I am confident Plymouth71 will do an awesome job. I saw his pickup trucks on another post. They were awesome.

Thank you to Joegri for sponsoring this. Contests are great.

I once won a car from Hadaslot for guessing what was in a picture. I still have that car.

Old Blue


----------



## HadaSlot (Oct 22, 2007)

Hey Old Blue. What was that I sent you? I forgot. Got some resin casts layin around. Way more fun to give away than sell on ebay.:thumbsup:


----------



## old blue (May 4, 2007)

You sent me a red white and blue AFX Javelin. It was just the body and no chassis, but it is still in my collection with a story behind it. I hang on to any car that is given to me. If I buy it then it is my decision whether to keep or trade. 

Are you coming to St. Louis for the slot car show in November? You should consider.


----------



## plymouth71 (Dec 14, 2009)

old blue said:


> I am confident Plymouth71 will do an awesome job. I saw his pickup trucks on another post. They were awesome.
> 
> Old Blue


Thanks, but my talent has been making things look good, this will be my first foray into chassis building.


----------



## plymouth71 (Dec 14, 2009)

Well the package arrived. I just realized I might be in over my head LoL. I don't have any t-jet armatures. I haven't had a chance to look for any gear plates, but will an AFX one fit? I don't have a gear press either.

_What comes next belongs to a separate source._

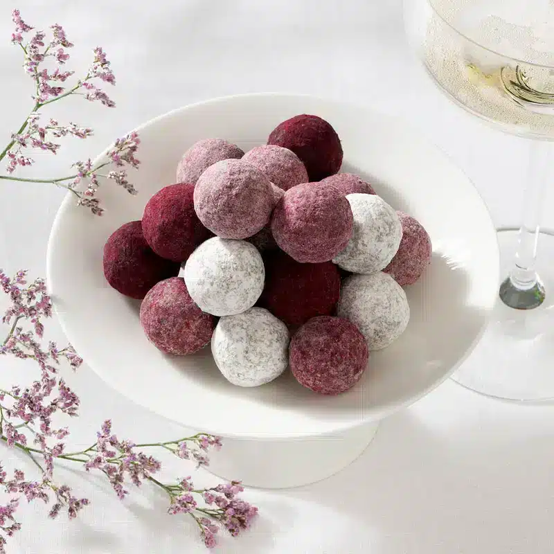 Unsere erlesene Marc de Champagne Trüffelmischung besteht aus 12 Pralinen in den 3 köstlichen Sorten Marc de Champagne, Pink Marc de Champagne und Kir Royal, veredelt mit Marc de Champagne und Cassis-Likör. Umhüllt von zartschmelzender Schokoladenganache und fein bestäubt mit Puderzucker und Johannisbeer-Pulver besonders hübsch auf dem Kaffeetisch oder als attraktives Geschenk.

I think I will follow this build...

http://www.riggenho.com/example1.htm


----------



## joegri (Feb 13, 2008)

*package!!*

wow glad it got to you plymouth! yes an afx gearplate will fit fine. also google hardincreek slotcars and look up doug morris builds. there you will find a very good step by step how to build that chassis. good luck to you and keep us posted along the way. should you get jammed up there is lots of help here to get you going again!


----------